Our results for L2 learners, therefore, are perfectly in line with those reported in the earlier studies; the difference is in results for native speaker controls. Only one of these four studies, namely Johnson and Newport (1989), actually collected data from native speakers; the other three focused simply on the relationship between age of arrival and performance on the grammaticality judgment task – an issue we will return to later. Johnson and Newport (1989) report that their native controls supplied the target answer on 97% of the trials on average, with scores ranging from 96 to 100%; they were thus clearly at ceiling. In our study, the mean accuracy rate for the native speakers in the matched sample (N = 45) was somewhat lower (94%), and the range was considerably wider (from 81 to 100%). For the full sample (N = 340), the mean was likewise 94%, and the range from 54 to 100%. The overall range is not very informative, since it is defined by extreme scores, which could be unrepresentative. Indeed, the participant with the lowest score in the native group is clearly an outlier: the next lowest score was 80%. For this reason, in order to assess the amount of overlap between native and non-native speakers, we used the normal native speaker range, defined as ±2 SDs from the mean computed for the full sample (shown as the last line in Figure 4). For the sGJT, the normal native speaker range was from 86 to 100% (raw scores from 69 to 80).

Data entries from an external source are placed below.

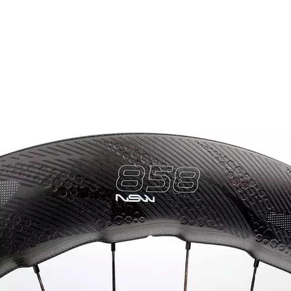 La ruota Zipp 858 NSW Carbon per freno a disco con la strutta del cerchio ondulante Sawtooth con ABLC HexFin e HyperFoils, tecnologia che aiuta a dare stabilità alla bici in presenza di vento. Questo permette al ciclista di non dovere combattere contro il vento per mantenere la postura retta e poter concentrarsi con energia sui pedali e mantenere la posizione aerodinamica. Dopo tre anni di ricerca, il risultato è Sawtooth: una forma del cerchione che offre efficienza aerodinamica e stabilità con vento laterale. Costruito per resistere all’uso nell’addestramento quotidiano. Zipp ha raggiunto questa affidabilità con un peso più leggero grazie ad un design rivisto in fibra di carbonio sviluppato attraverso test sui famosi ciottoli della foresta di Arenberg con i corridori più veloci del mondo.
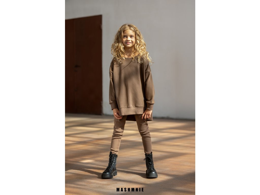 Pro dokonalý outfit doporučujeme zkombinovat mikinu s čokoládovými žebrovanými legínami, které najdete v naší nabídce.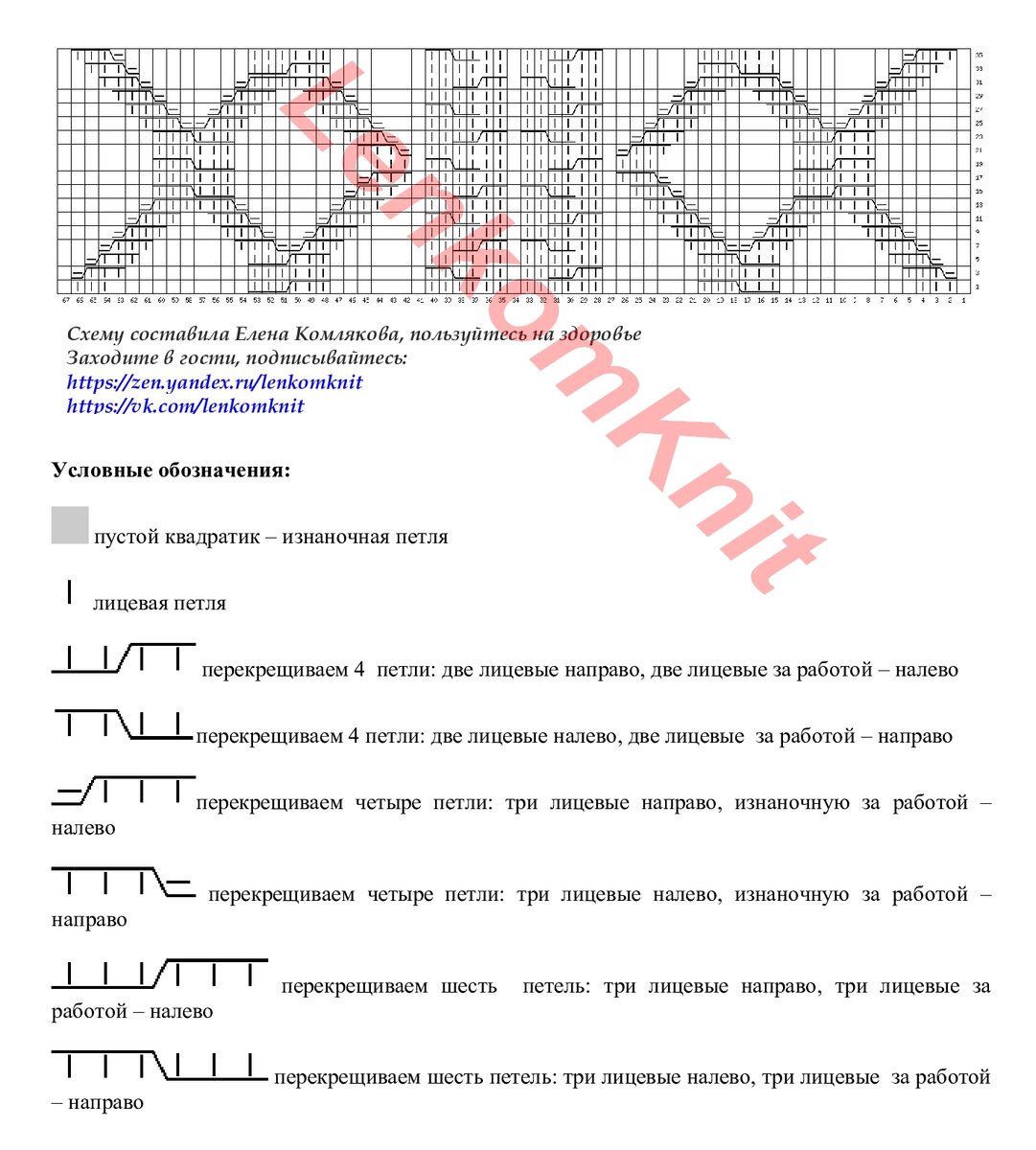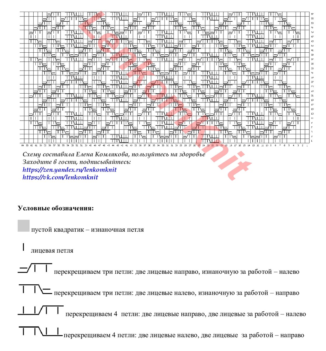 Схема узора № 4. На схеме - один раппорт в высоту. По логике, он должен быть в ширину такой же, как узор № 2 (64 петли) и его нужно делать шире н два ромба.

Why should there be such a large difference between the two studies? Johnson and Newport’s control group consisted of 23 native speakers of English1. The authors provide no further details about this sample. However, they do indicate that the non-native participants were university students, professors, and research associates, and presumably the native controls were recruited from the same population: in other words, they were likely to have been highly educated. Our native group was larger and more heterogeneous in terms of schooling, with the number of years spent in full time education ranging from 12 (i.e., secondary school diploma) to 20 (i.e., a completed PhD), and a mean of 16 years. Our sample, therefore, provides a more realistic estimate of the amount of variation found in native speakers.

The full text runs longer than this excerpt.